Daily Mail
June 21, 2014
A judge who condemned a Christian couple for turning away gay guests from their hotel yesterday said her decision may have been wrong.
Supreme Court deputy president Baroness Hale called for a rethink on religious and gay rights six months after she rejected the B&B owners’ arguments in a key test case.
Lady Hale said in a speech that the law has done too little to protect the beliefs of Christians. And she cast doubts over her own judgment in the landmark case in which a gay couple sued Christian hoteliers Peter and Hazelmary Bull.
Mr Bull, 74, and his 70-year-old wife refused a double room at their Cornish hotel to Steven Preddy and Martyn Hall in 2008 because they were not a married heterosexual couple.
The incident led to a string of court cases, which culminated in defeat for the Bulls at the Supreme Court – where Lady Hale, leading four other judges, ruled that the rights of the gay couple outweighed the conscience of the Christian couple.
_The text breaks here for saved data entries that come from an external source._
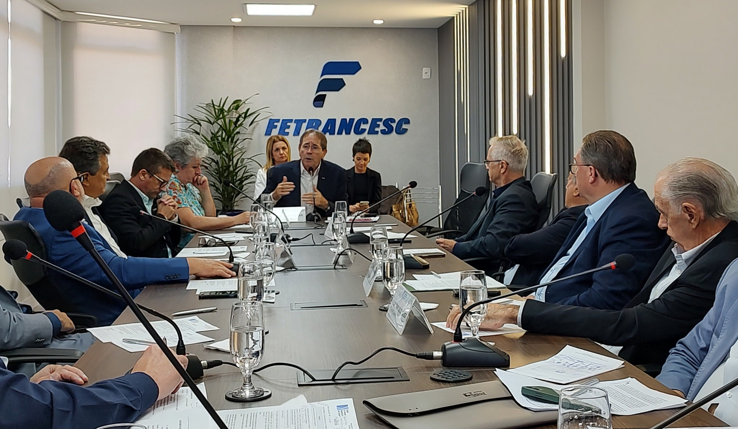 Florianópolis, 22.04.2024 - Em reunião nesta segunda-feira, dia 22, o Conselho das Federações Empresariais de Santa Catarina (COFEM) debateu a renovação da concessão do trecho norte da BR-101 e os gargalos no setor portuário catarinense. O encontro foi realizado na sede da Federação dos Transportes (FETRANCESC), em Florianópolis.
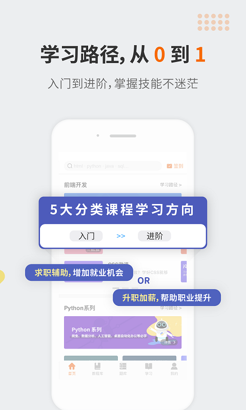 1.使用手机线上编程实战,通过编程实战提升写代码的技能。
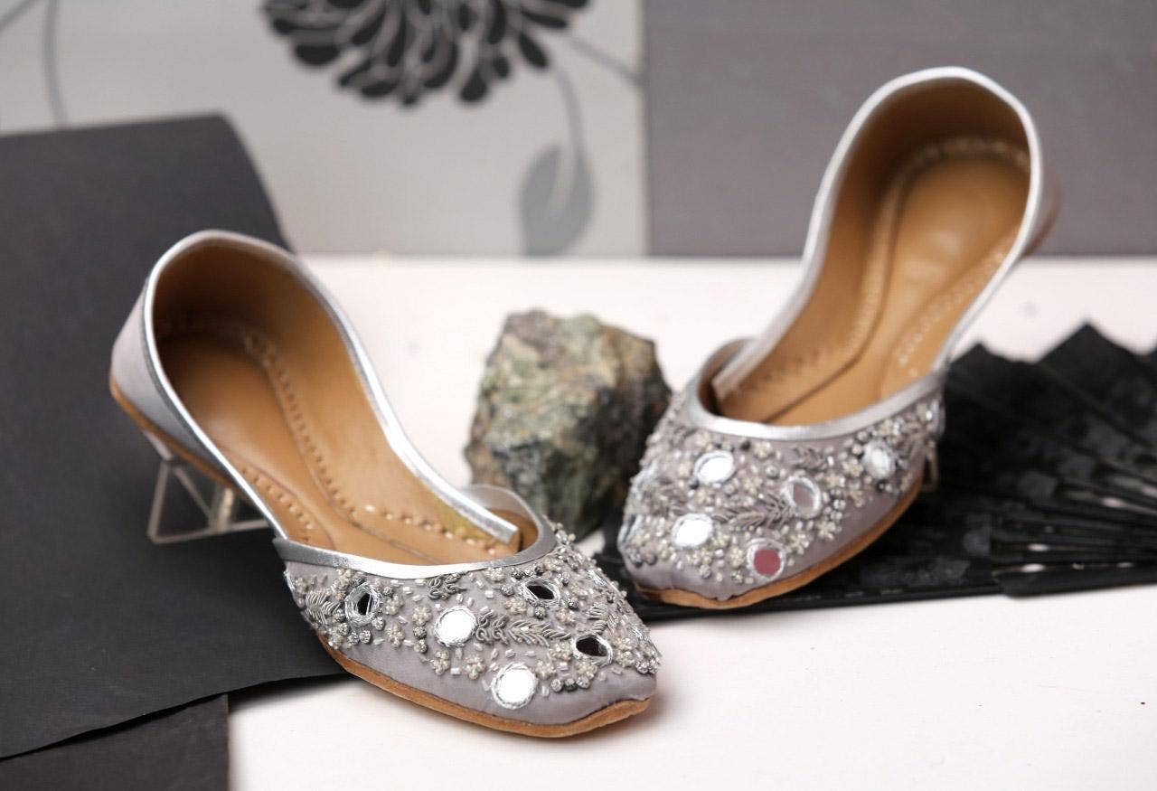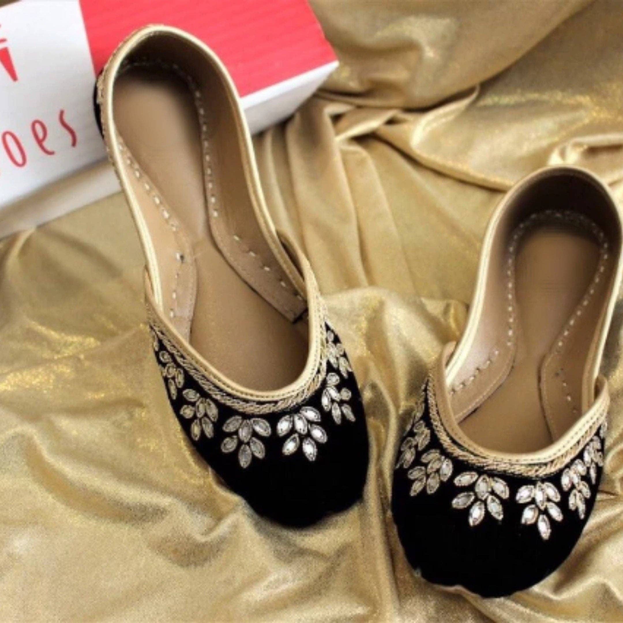 Henna, hjärtat och själen bakom Qhareed, började sin resa 2018 med ett enkelt men personligt uppdrag: att skapa lyxiga platta bröllopsskor som får varje kvinna att känna sig speciell, bekväm och självsäker. Efter att ha sett brudar kämpa med smärtsamma klackar på sin stora dag insåg hon att det fanns ett behov av något bättre. Och så tändes gnistan för Qhareed. Fast besluten att skapa en lösning blandade Henna sin passion för traditionella skor som Khussa och Punjabi Jutti med modern design för att skapa eleganta, bekväma flats. Hon samarbetade med skickliga hantverkare för att skapa handgjorda designerjuttis som kombinerar trendiga designer, material av hög kvalitet och extra dämpning. Snart började hon få förfrågningar om specialdesignade flats, vilket ledde till personliga alternativ som minnesdatum, initialer, broderi och breda sulor. När efterfrågan växte introducerade hon en vardagslinje för dagligt bruk. Att visa upp sitt arbete på utställningar väckte beundran och inspirerade henne att lansera sin Etsy-butik, där kunderna berömde hennes hantverk. Passionerad för sina skapelser älskar Henna att knyta kontakt med kunder för att förverkliga deras perfekta par. VI HAR FÖRBETALAT TULLAR PÅ ALLA US-LEVERANSER för att göra din beställning stressfri. Om transportören någonsin lägger till en liten avgift kommer de att meddela dig före leverans.
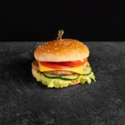 Состав: Нежная булочка, куриная котлета, соус биг тейсти, огурцы соленые, сыр, лук красный.
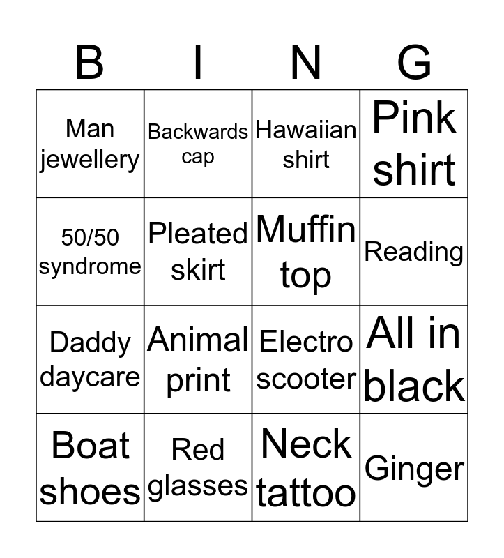 This bingo card has 33 words: Goatee, Instrument, All in black, Red shoes, Ginger, Muffin top, 50/50 syndrome, Eating on the go, Backwards cap, Glitter shiny, Reading, Hawaiian shirt, Crying child, Sunburn, Red glasses, Animal print, Numbers, Electro scooter, Chequered, Moustache, Leggings, Tall granny, Man jewellery, Neck tattoo, Running, Boat shoes, Pink shirt, Daddy daycare, Pleated skirt, Animal T-shirt, Punk, Multi-dog and Man pony.
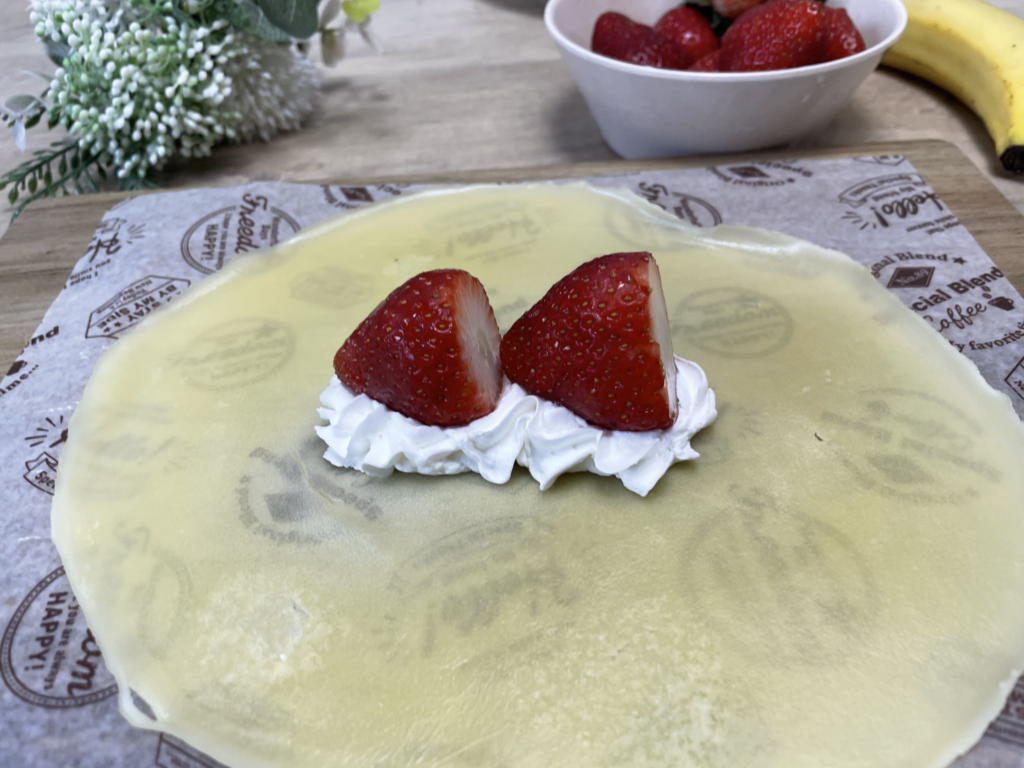 出来上がったクレープの皮にホイップやいちご・バナナなどを乗せて、包みます。
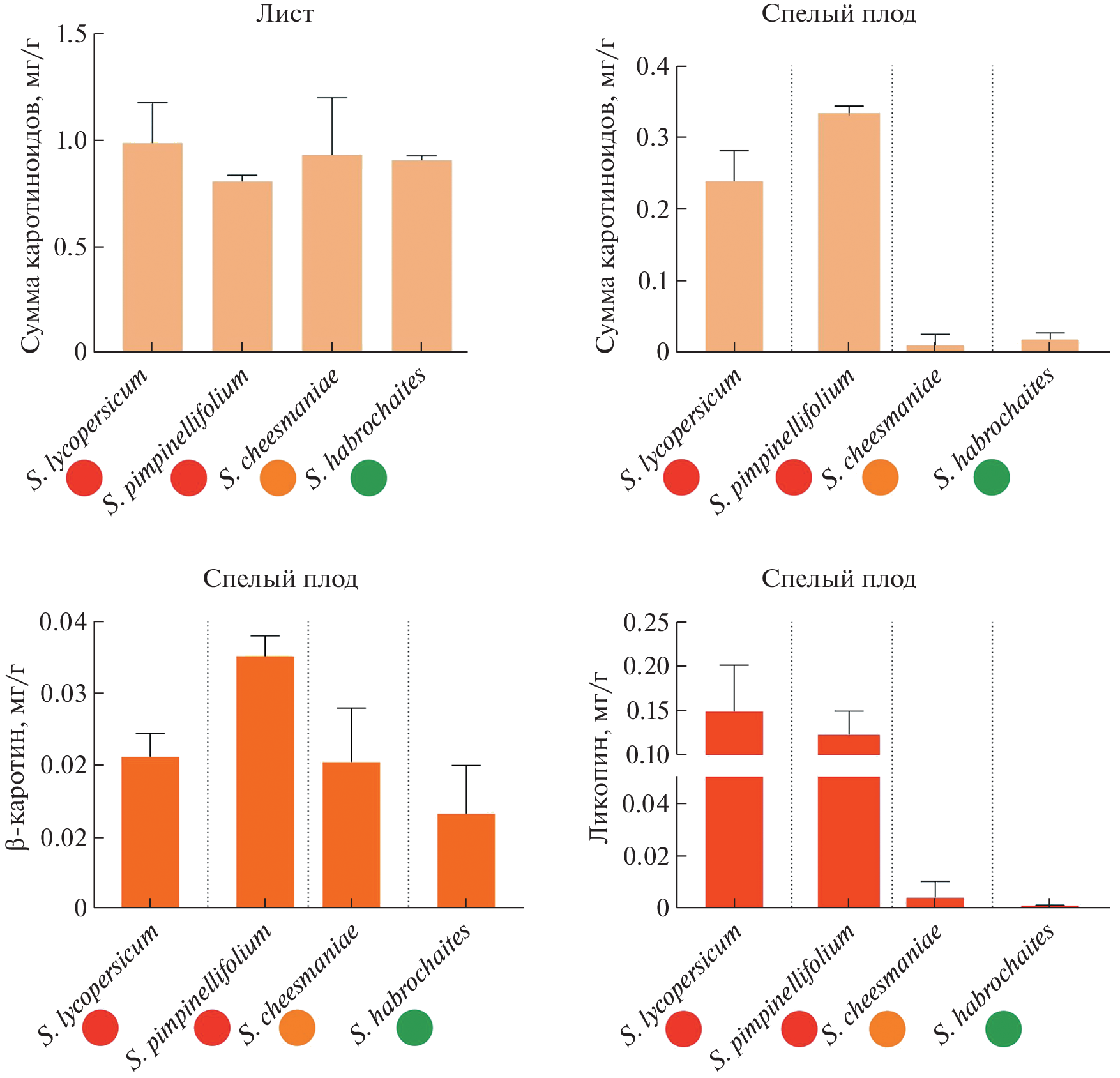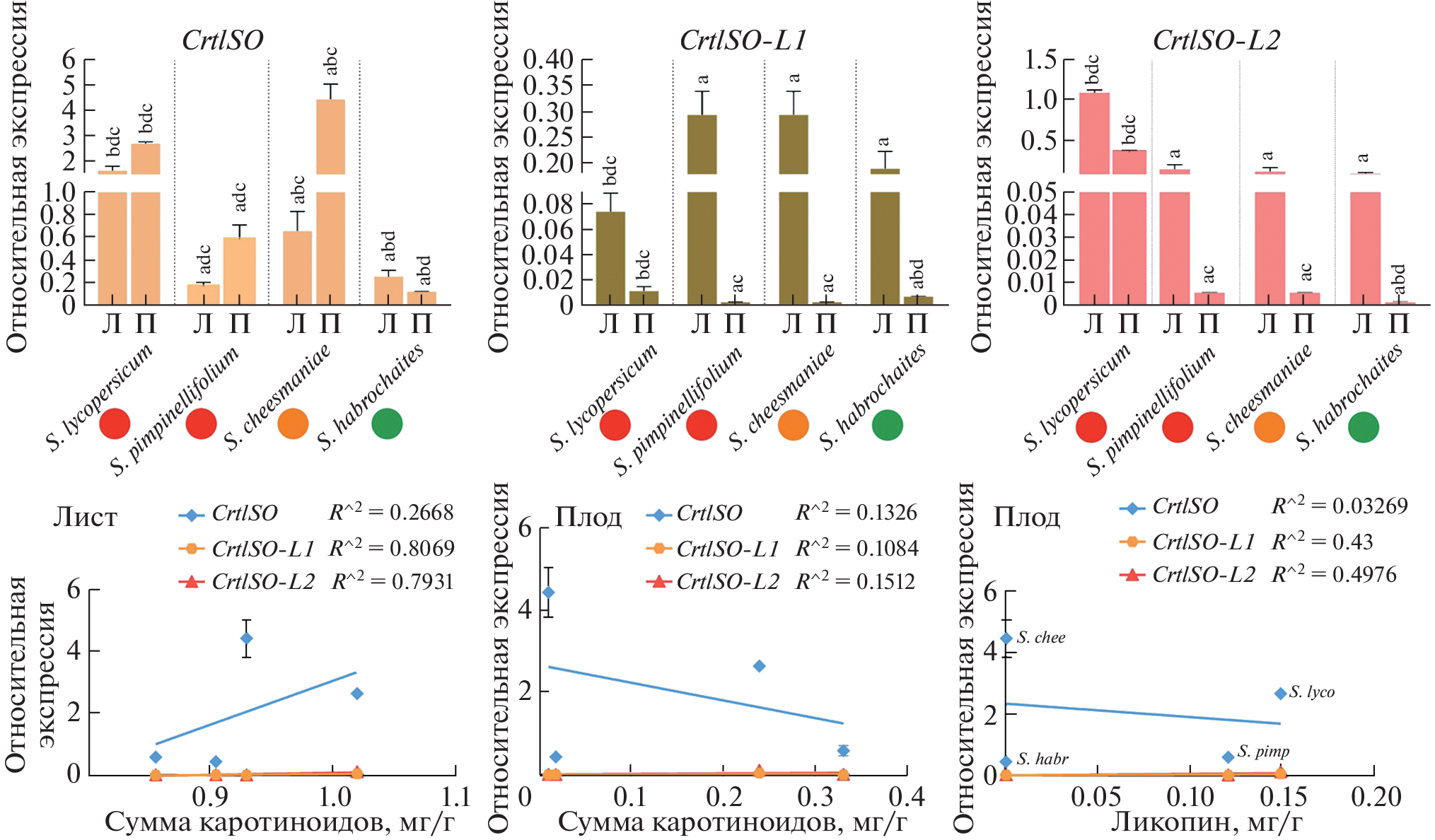 The expression of the genes of carotenoid-cis-trans isomerases CrtISO, CrtISO-L1 and CrtISO-L2 was studied in comparison with the content of carotenoids in tomato species with different ripe fruit colors: green (Solanum habrochaites), yellow (S. cheesmaniae) and red (S. pimpinellifolium and S. lycopersicum). More ancient origin of CrtISO-L2 was shown in relation to CrtISO and CrtISO-L1. A similar content of total carotenoids (leaves) and β-carotene (ripe fruits) was found between the samples. Unlike fruits of S. habrochaites and S. cheesmaniae, red fruits accumulated lycopene and 20-30 times more total carotenoids. The highest level of transcripts both in leaves and in ripe fruits was detected for CrtISO. The CrtISO-L1 and CrtISO-L2 were transcribed high in leaves and low in fruits, except for the high expression of CrtISO-L2 in S. lycopersicum fruits. No relationship was observed between the content of carotenoids and the level of gene expression in the fruit. In the leaves, a positive correlation between the amount of carotenoids and the levels of CrtISO-L1 and CrtISO-L2 transcripts was found.
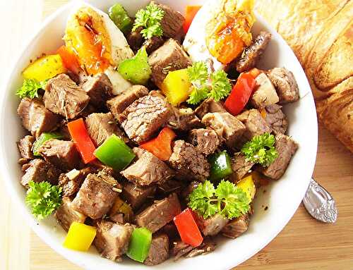 Beef (Bouillon Leftovers) and Bell Peppers Salad with Italian Seasoning : perfect way to use beef once broth (bouillon) is made.
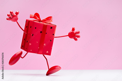 Unexpected congratulations. I am your gift! Running cheerful gift in red box.
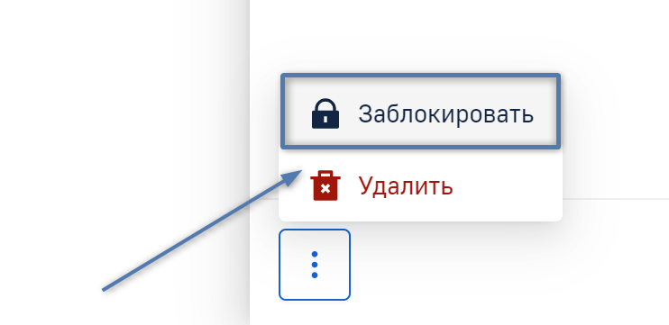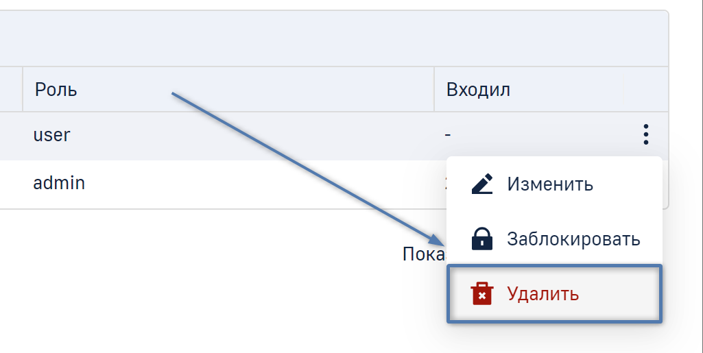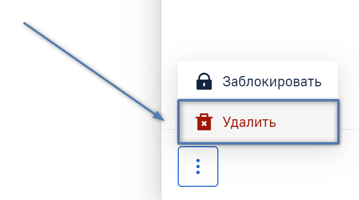 После этого, во всплывающем окне нажмите кнопку Заблокировать для подтверждения блокировки. Если вы передумали блокировать пользователя, нажмите кнопку Отменить. Для снятия блокировки с пользователя повторите эти действия, выбрав в выпадающем списке Разблокировать. После подтверждения, пользователю будет возвращен доступ к Системе. Удаление пользователяДля того, чтобы удалить пользователя:
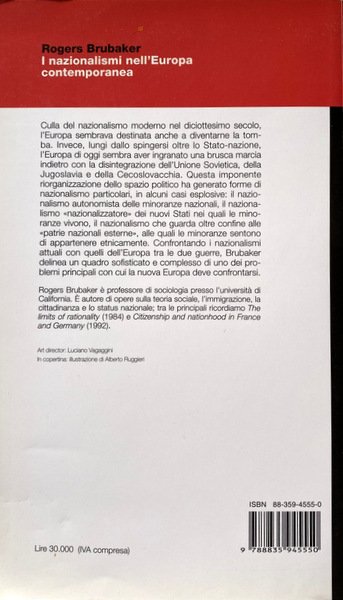 Culla del nazionalismo moderno nel diciottesimo secolo, l'Europa sembrava destinata anche a diventarne la tomba. Invece lungi dallo spingersi oltre lo Stato-nazione, l'Europa di oggi sembra aver ingranato una brusca marcia indietro con la disintegrazione dell'Unione Sovietica, della Jugoslavia e della Cecoslovacchia. Questa imponente riorganizzazione dello spazio politico ha generato forme di nazionalismo particolari, in alcuni casi esplosive: il nazionalismo autonomista delle minoranze nazionali, il nazionalismo "nazionalizzatore" dei nuovi Stati nei quali le minoranze vivono, il nazionalismo che guarda oltre confine alle "patrie nazionali esterne", alle quali le minoranze si sentono di appartenere etnicamente. Confrontando i nazionalismi attuali con quelli dell'Europa tra le due guerre, Brubaker delinea un quadro sofisticato e complesso di uno dei problemi principali con cui la nuova Europa deve confrontarsi.

Lady Hale declared in her Supreme Court ruling that we should be ‘slow to accept’ the right of Christians to discriminate against gay people.
But in March she acknowledged that the laws which ignore Christian consciences might not be ‘sustainable’. Last week, in a highly unusual move, Lady Hale and her fellow judges ordered that the Bulls will not be liable for legal costs – a decision which spares them a huge bill which would pay for the lawyers who represented Mr Preddy and Mr Hall.
And in a speech to Irish lawyers yesterday she gave an indication that her judgment against the Bulls may have been too harsh, asking whether courts would be better off taking a ‘more nuanced approach’.
Lady Hale suggested that the law should develop a ‘conscience clause’ for Christians like the Bulls.